Это я – Эдичка - Лимонов Эдуард Вениаминович. Страница 37

Я начинаю испытывать чувства моего народа. Я прохожу в танце перед зеркалом, оно большое, может быть, они в него не раз смотрелись вместе и голые, но мысль, проскользнув, исчезает. Ее изгоняет музыка. Я танцую какие-то безумные танцы, я вытанцовываюсь от зеркала к кухне, приближаюсь к телефонирующему Кириллу и в замысловатых ритмических па обтанцовываю кругом «эти» колонны. Как у Элиота, думаю я – «Обтанцуем кактус кругом, обтанцуем кактус кругом, обтанцуем кактус кругом, в пять часов утра» – моя начитанность меня радует. Тут же я повторяю элиотовские строчки по-украински.

Я пляшу и танцую, и улыбается Кирилл. Ох этот Эдичка, этот крейзи Эдичка! Я люблю Кирилла за то, что он ко мне не лезет с удивлением. Если я его и удивляю, то он делает вид, что так и надо, и что он, Кирилл, если сам не педераст, то, во всяком случае, свободный человек и все может понять. Даже если он только делает вид, и то хорошо.

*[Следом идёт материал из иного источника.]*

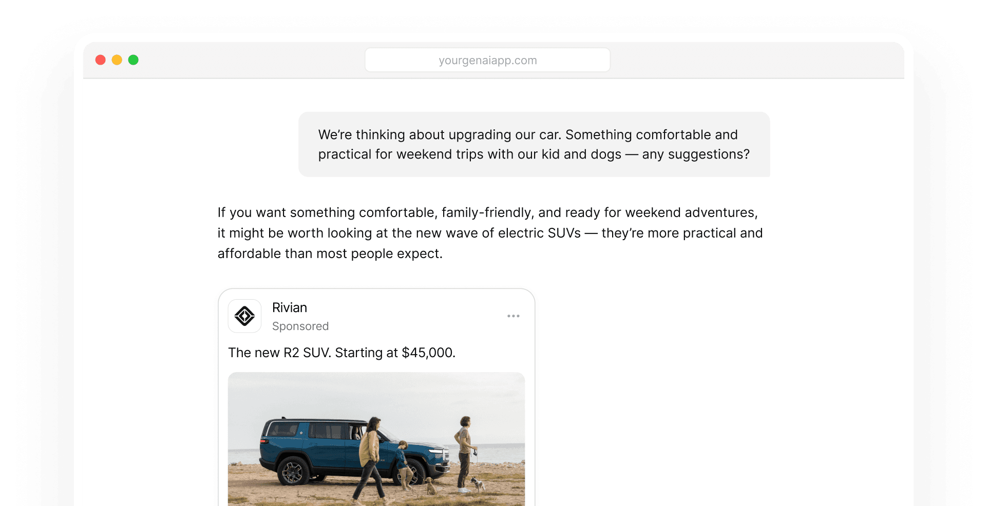 Yes. Publishers have control over advertiser categories and can apply brand safety preferences. Koah works with premium brands and ensures ads are aligned with your app’s audience and community standards. Because ads are served contextually within AI conversations, they are matched to relevant topics in real time — but you retain oversight over the types of advertisers that can appear in your experience.
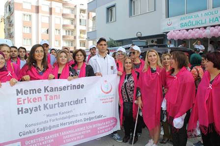 Yürüyüş sırasında, Sağlık Bakanlığı tarafından hazırlanan ‘Sakın Geç Kalma Erken Gel’ türküsü Mobil Sağlık Platform Sistemi aracından halka duyuruldu, katılımcılar da türküye alkışlarla eşlik etti. Antakya İlçe Sağlık Müdürlüğü önünden başlayıp Lütfü Rifaioğlu Caddesi, Atatürk Caddesi ve Fatih Caddesi güzergahında devam eden yürüyüş, Cumhuriyet Caddesi’nden geçilerek Antakya İlçe Sağlık Müdürlüğü önünde sonlandı. Yürüyüş sonunda, Antakya İlçe Sağlık Müdürü Dr.Ayşe Betül Altun Sovukluk tarafından, 40-69 yaş arası tüm kadınlar, “kanserde erken teşhis hayat kurtarır” vurgusuyla KETEM’e (Kanser Erken Teşhis Tarama ve Eğitim Merkezi) davet edildi.-Cemil Yıldız-
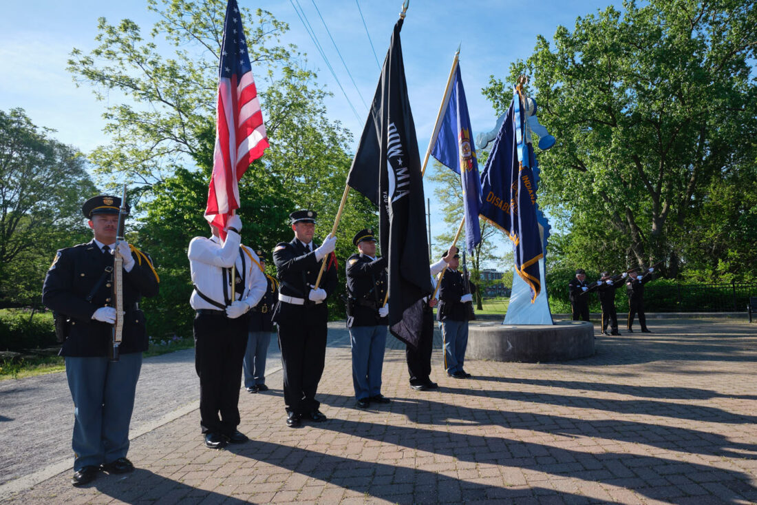 The morning began with a quiet service at Powerhouse Park, where attendees gathered along the Elkhart River to reflect and remember. Community members then walked to the Courthouse lawn for a short ceremony before lining the sidewalks downtown for the parade.
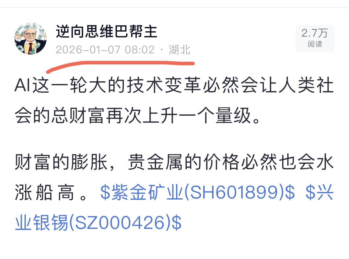 $紫金矿业(SH601899)$ $兴业银锡(SZ000426)$ $赤峰黄金(SH600988)$ AI这一轮大的技术变革必然会让人类社会的总财富再次上升一个量级。
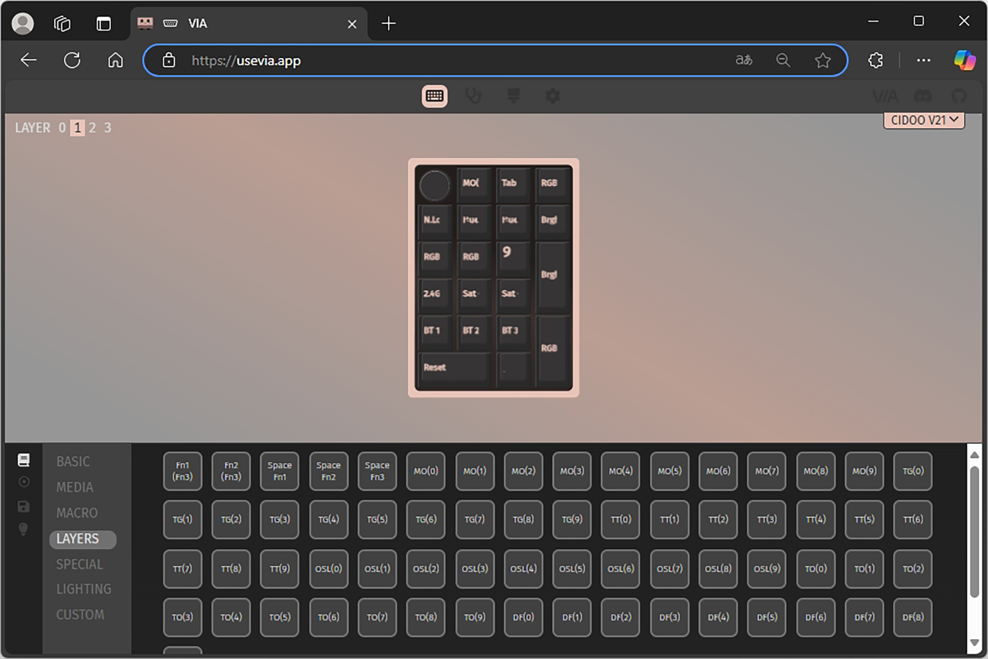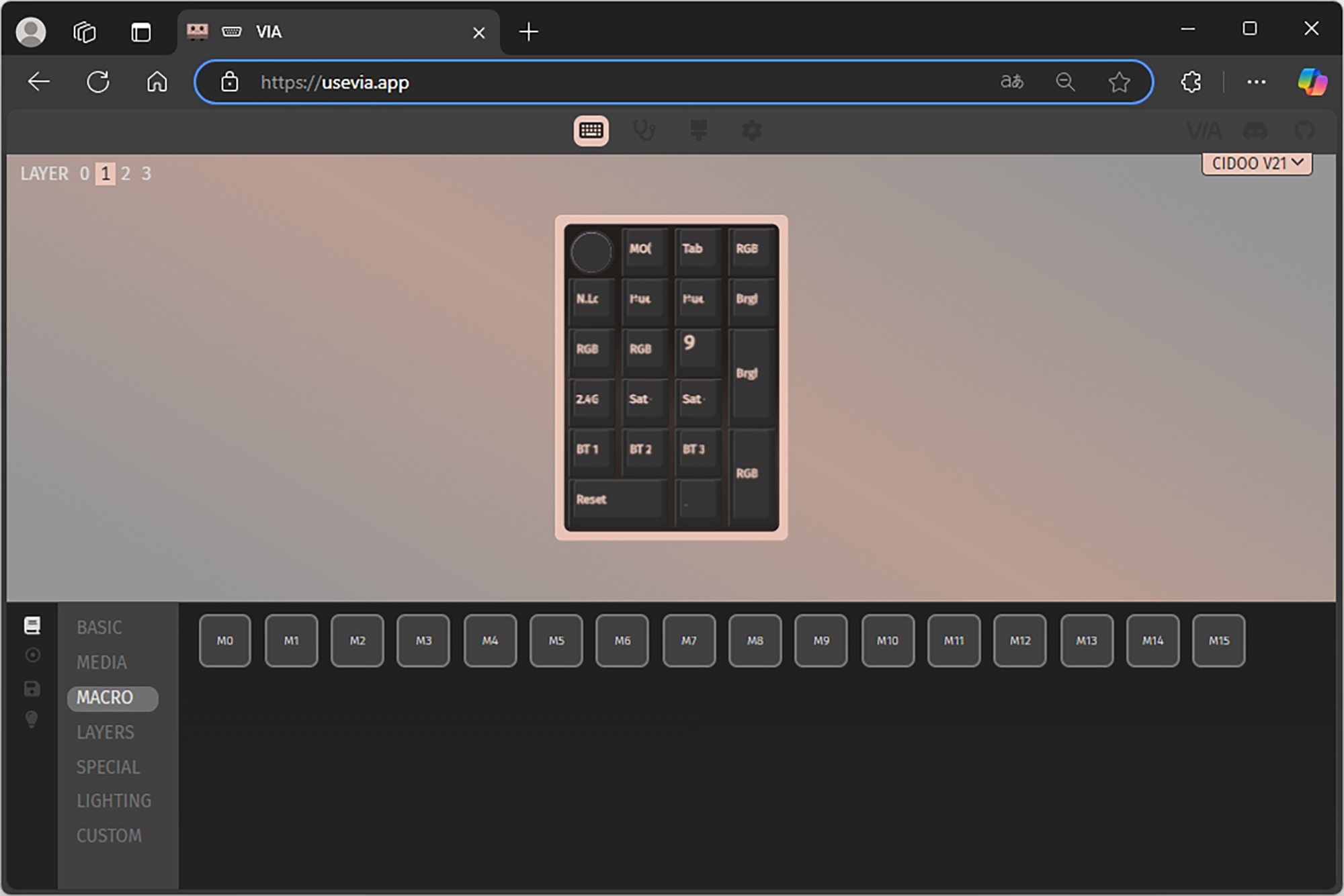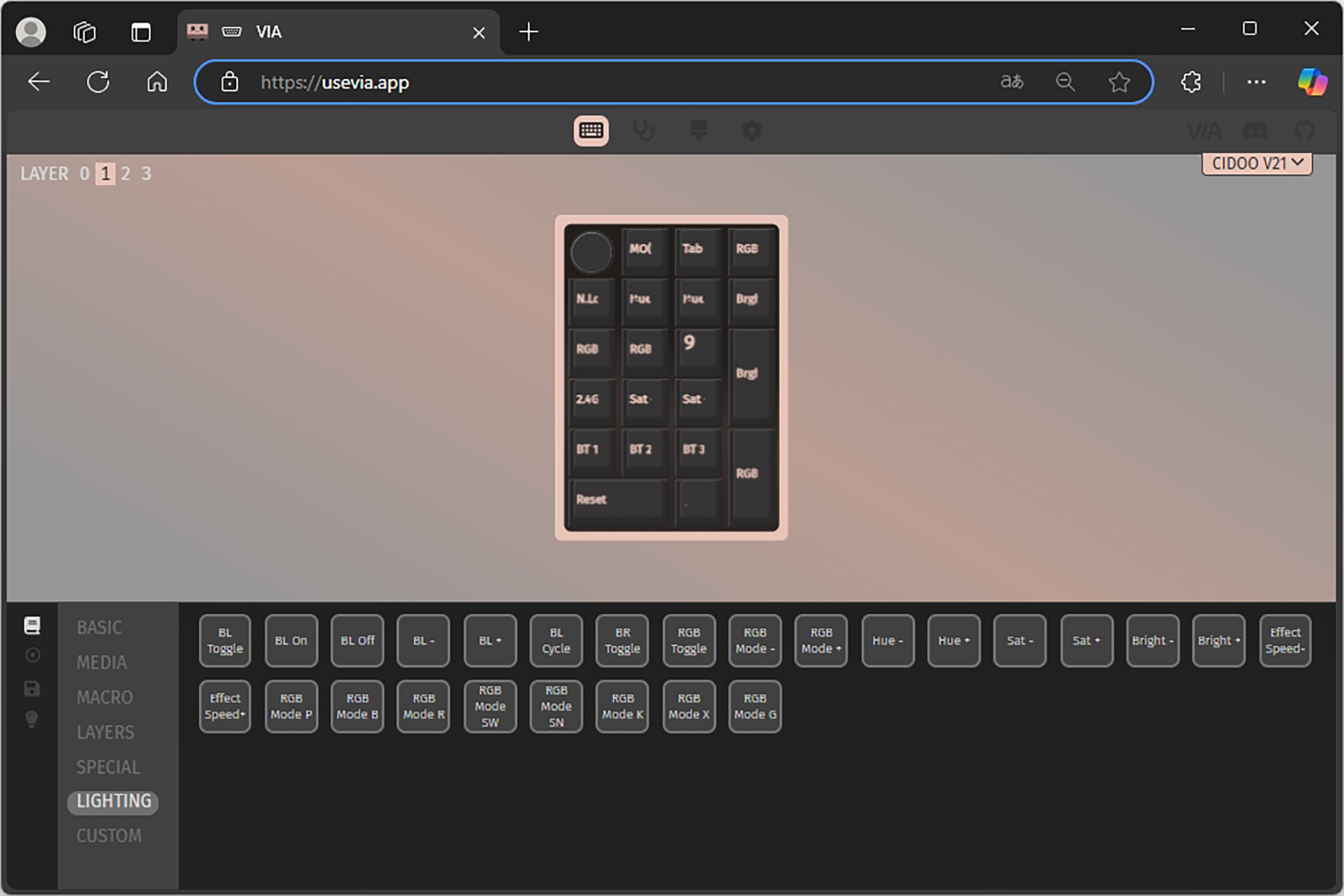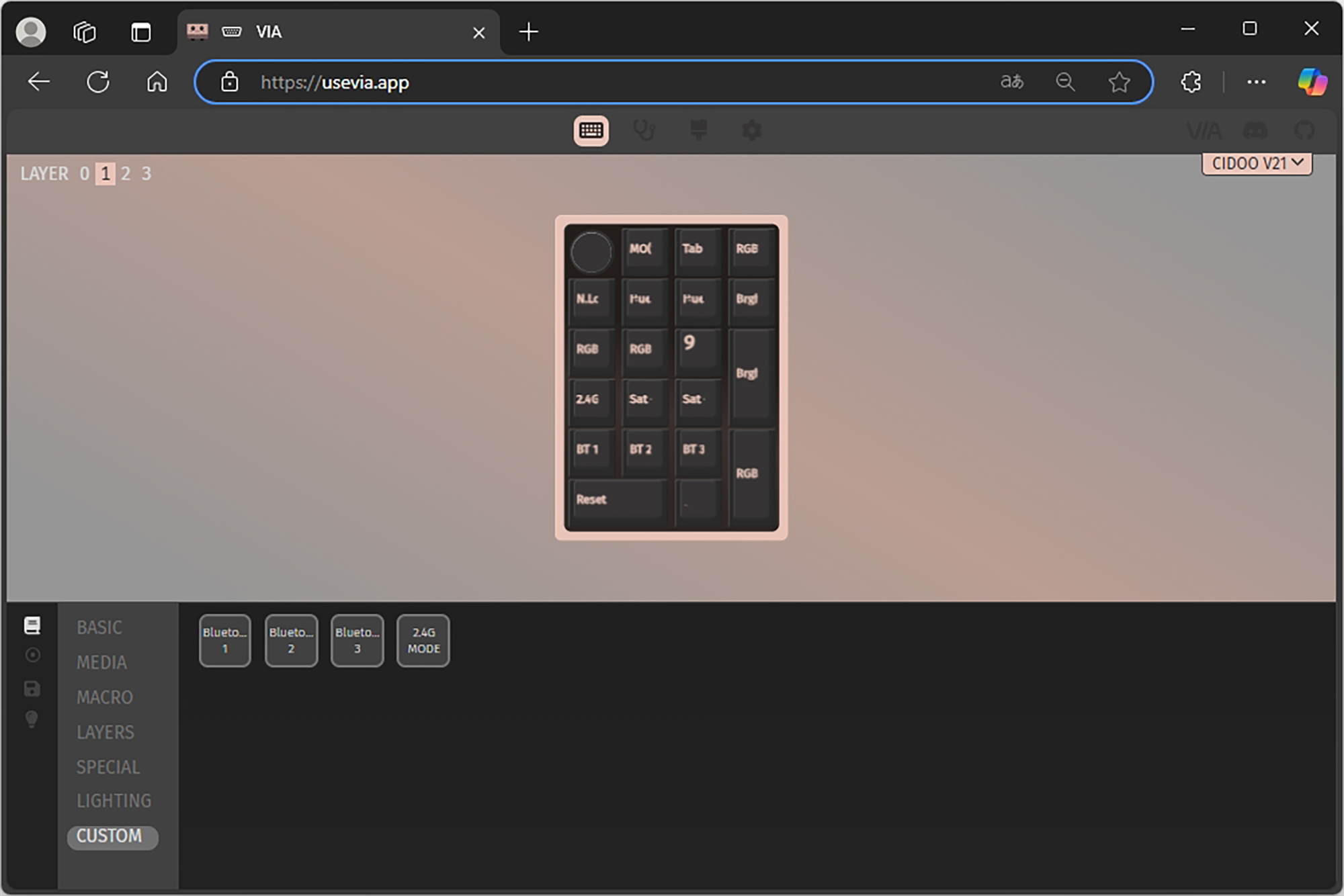 VIA에서는 BASIC, MEDIA, MACRO, LAYERS, SPECIAL, LIGHTING, CUSTOM 등 다양한 기능들을 자신이 원하는 키에 할당해서 사용할 수 있는데요. 한 번 CIDOO V21 넘버패드에 인식되면 프로그램의 윈도우 상주 여부와 상관없이 해당 기능이 동작합니다. 이러한 설정은 다른 컴퓨터에 연결했을 때도 동일하게 적용됩니다.

Сейчас он прерывает разговор, и мы в ослепительном свете всех ламп Жан-Пьера танцуем «очи черные». Наша коренная российская музыка, которая обошла все кабаки мира. Когда-то офицерье в мундирах, разудалое, плачущее пьяно, подобно мне, Эдичке, выло в кабаках эту дикую вещь. Какая тоска и нарушающее тоску ликование в этих заунывных, но взвизгивающих вдруг азиатских звуках. Эх, да ведь меня ничто не связывает с человечеством, кроме Вэлфэра, который я у них беру. И меня поедом жрет моя национальность: – «Дайте мне, родимые, пулемет, ой, дайте пулемет!» – истерически визжу я на радость Кириллу.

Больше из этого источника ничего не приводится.